Thursday 9 June 2011

Gibson's ex files appeal over lawyer

LOS ANGELES (AP) — Mel Gibson's ex-girlfriend has asked an appeals court to disqualify the Oscar winner's attorneys handling a bitter custody dispute because she consulted with one of their partners in a paternity dispute with another actor.

Attorneys for Oksana Grigorieva asked the California 2nd District Court of Appeal to intervene in the case on Monday.


They sought to either disqualify Gibson's attorneys or require a judge hearing the case to review records of the Russian musician's dealings with the firm.

Grigorieva met with a partner in the firm of Kolodny and Anteau in 2008 at Gibson's suggestion, while she was dealing with custody issues involving her son with British actor Timothy Dalton, according to court filings.

The appeal said Gibson's attorneys sought records of the dispute with Dalton, including emails, text messages and other correspondence between the former couple.

Dalton played James Bond in two films in the late 1980s.

Stephen Kolodny, one of the Gibson's attorneys handling his dispute with Grigorieva over their infant daughter, said in an email that he would not comment on Grigorieva's appeal.

His partner, Ronald Anteau, has not appeared in the case, but Grigorieva's filing named her discussion with him as important to her current fight with Gibson.

"The matters discussed with Mr.
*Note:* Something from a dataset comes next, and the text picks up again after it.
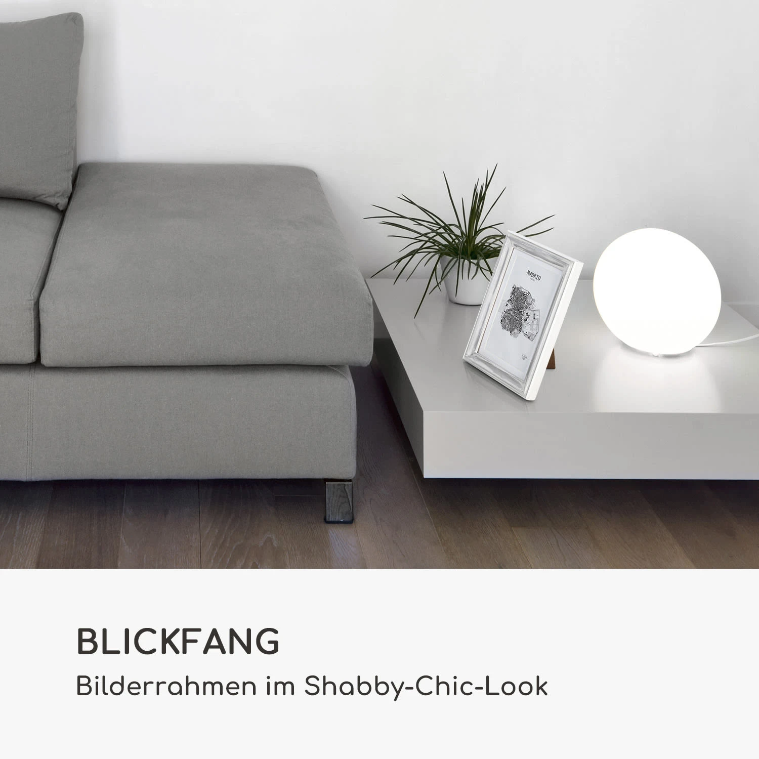 Jeder Rahmen ist ein Unikat: Die Lancaster Bilderrahmen von Casa Chic by blumfeldt aus edlem Pinienholz im Shabby-Chic-Look sind handgearbeitet und bringt deine Fotos und Bilder sowohl im Hoch- als auch im Querformat ideal zur Geltung. Bleibe flexibel und gestalte wunderschöne Wandcollagen oder arrangiere deine Lieblingsfotos auf dem Sideboard oder im Regal. Das mitgelieferte Passepartout überlässt dir die Wahl des passenden Bildausschnitts. Das gleichmäßig breite Rahmenprofil und die Frontscheibe aus Echtglas sorgen für Eleganz und besten Schutz.

Anteau concerned the same subject matter that has been inquired into in the present case by Stephen Kolodny both in open court and at deposition," her filing said.

Grigorieva asked the court to issue a ruling before a key hearing this month.

Last month, Los Angeles Superior Court Judge Scott Gordon ruled that Grigorieva waited too long to raise the issue of a potential conflict with Kolodny's representation of Gibson.

She claimed she did not make the connection between her consultation with Anteau and Gibson's attorneys until recently.

Grigorieva wants the appellate court to require the judge to review Anteau's notes of his meeting with her and reconsider the ruling or disqualify Kolodny and Anteau's firm outright.

Gibson and Grigorieva's custody case is by law confidential, as would be any case she had involving Dalton.

Her efforts to disqualify Gibson's attorneys have been heard in open court.

The case has spanned 65 hearings and the judge had issued more than 100 rulings.

There were thousands of pages of pleadings in the case, and most of Gibson's filings were handled by Kolodny's firm, Gordon said.